↓↓↓

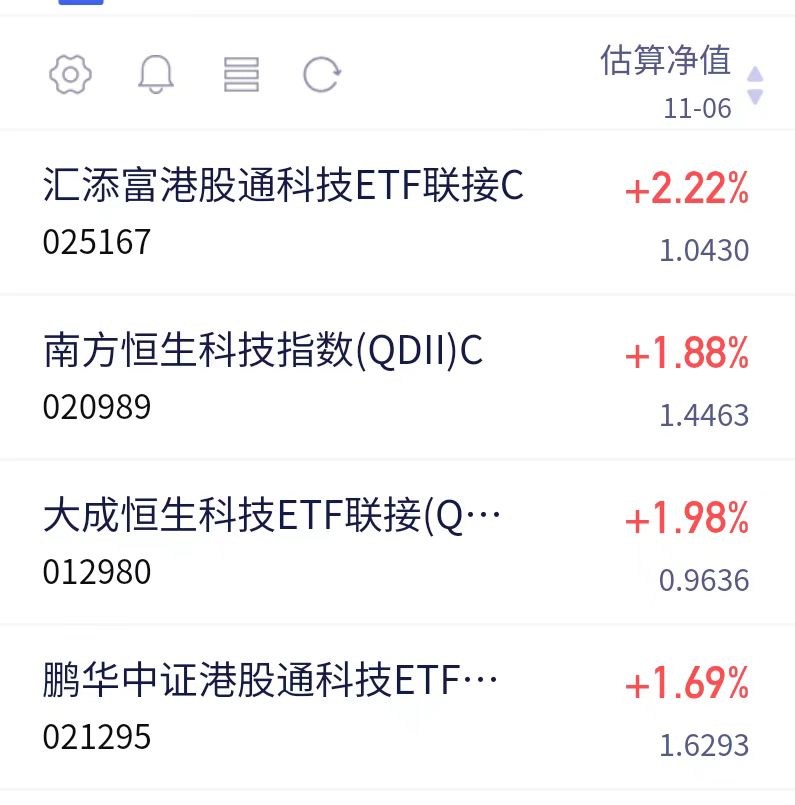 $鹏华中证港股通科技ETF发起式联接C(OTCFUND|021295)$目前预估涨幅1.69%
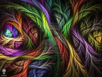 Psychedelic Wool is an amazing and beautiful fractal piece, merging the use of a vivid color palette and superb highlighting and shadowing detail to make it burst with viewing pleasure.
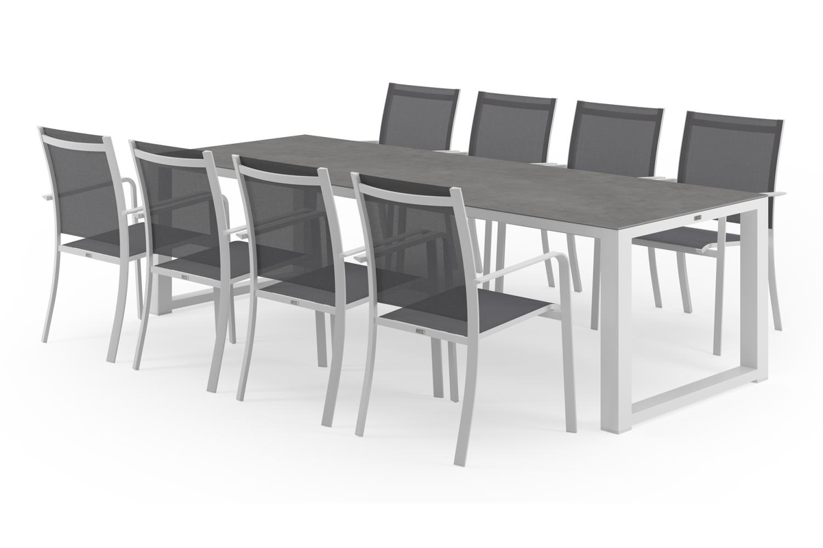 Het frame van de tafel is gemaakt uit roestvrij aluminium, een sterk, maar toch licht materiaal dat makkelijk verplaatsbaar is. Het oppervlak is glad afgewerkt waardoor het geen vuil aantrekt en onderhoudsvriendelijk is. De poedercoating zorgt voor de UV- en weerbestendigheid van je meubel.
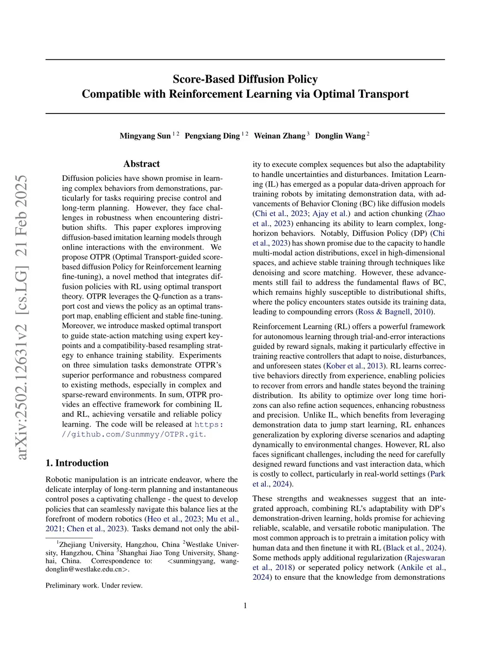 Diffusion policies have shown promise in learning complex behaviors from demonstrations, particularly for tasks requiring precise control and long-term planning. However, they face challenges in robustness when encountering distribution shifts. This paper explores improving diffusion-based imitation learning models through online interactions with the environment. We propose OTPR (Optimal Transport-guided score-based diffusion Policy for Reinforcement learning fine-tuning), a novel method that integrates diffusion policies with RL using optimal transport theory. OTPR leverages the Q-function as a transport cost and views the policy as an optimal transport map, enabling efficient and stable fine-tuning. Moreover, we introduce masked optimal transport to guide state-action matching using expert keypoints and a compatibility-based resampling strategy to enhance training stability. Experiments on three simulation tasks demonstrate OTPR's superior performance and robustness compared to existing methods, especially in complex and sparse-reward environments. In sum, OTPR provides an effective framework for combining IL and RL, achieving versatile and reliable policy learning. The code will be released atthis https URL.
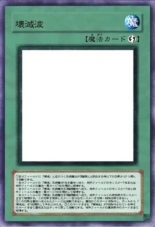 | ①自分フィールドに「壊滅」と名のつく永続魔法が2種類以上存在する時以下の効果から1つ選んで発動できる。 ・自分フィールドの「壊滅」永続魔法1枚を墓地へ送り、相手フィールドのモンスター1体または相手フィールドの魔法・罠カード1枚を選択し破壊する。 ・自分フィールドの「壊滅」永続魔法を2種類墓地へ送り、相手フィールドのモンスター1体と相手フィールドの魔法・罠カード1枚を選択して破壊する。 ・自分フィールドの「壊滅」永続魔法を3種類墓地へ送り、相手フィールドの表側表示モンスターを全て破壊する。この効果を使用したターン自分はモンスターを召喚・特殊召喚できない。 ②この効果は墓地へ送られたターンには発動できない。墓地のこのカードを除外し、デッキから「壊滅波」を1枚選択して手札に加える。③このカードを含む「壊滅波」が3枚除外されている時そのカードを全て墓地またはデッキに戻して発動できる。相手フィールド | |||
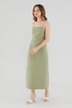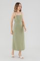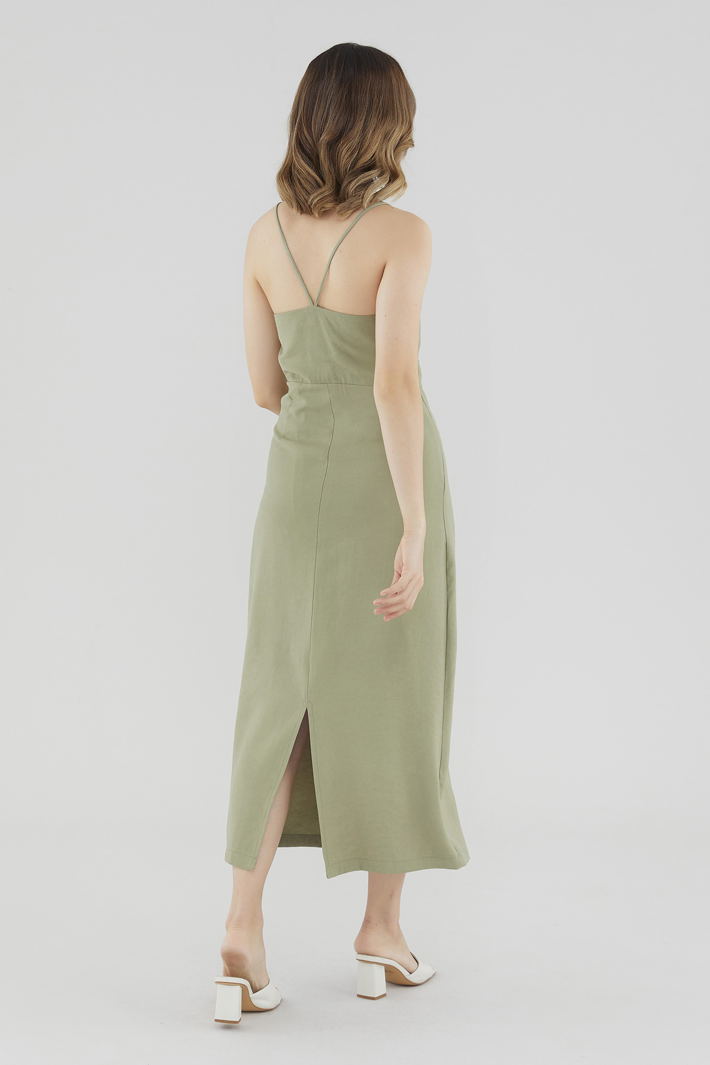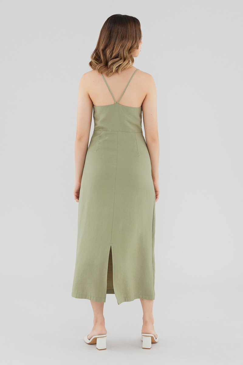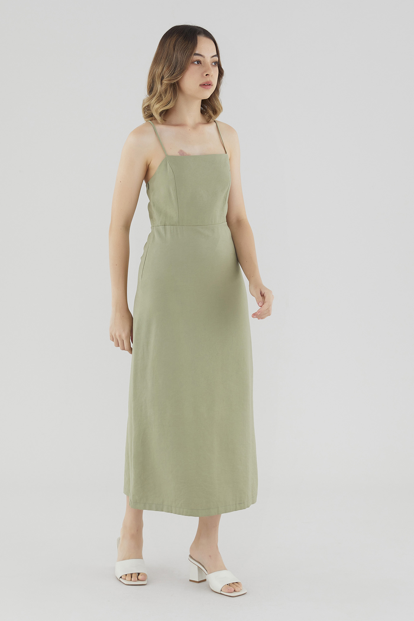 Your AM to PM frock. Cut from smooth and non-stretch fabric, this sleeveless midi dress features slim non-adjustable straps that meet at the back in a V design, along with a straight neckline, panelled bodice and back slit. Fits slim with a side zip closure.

↑↑↑

● **The problem**: Please transcribe exactly the lines from the start of the records through the line containing "Het frame van", leaving the pictures out.

● **Result of the exercise**:
 $鹏华中证港股通科技ETF发起式联接C(OTCFUND|021295)$目前预估涨幅1.69%
 Psychedelic Wool is an amazing and beautiful fractal piece, merging the use of a vivid color palette and superb highlighting and shadowing detail to make it burst with viewing pleasure.
 Het frame van de tafel is gemaakt uit roestvrij aluminium, een sterk, maar toch licht materiaal dat makkelijk verplaatsbaar is. Het oppervlak is glad afgewerkt waardoor het geen vuil aantrekt en onderhoudsvriendelijk is. De poedercoating zorgt voor de UV- en weerbestendigheid van je meubel.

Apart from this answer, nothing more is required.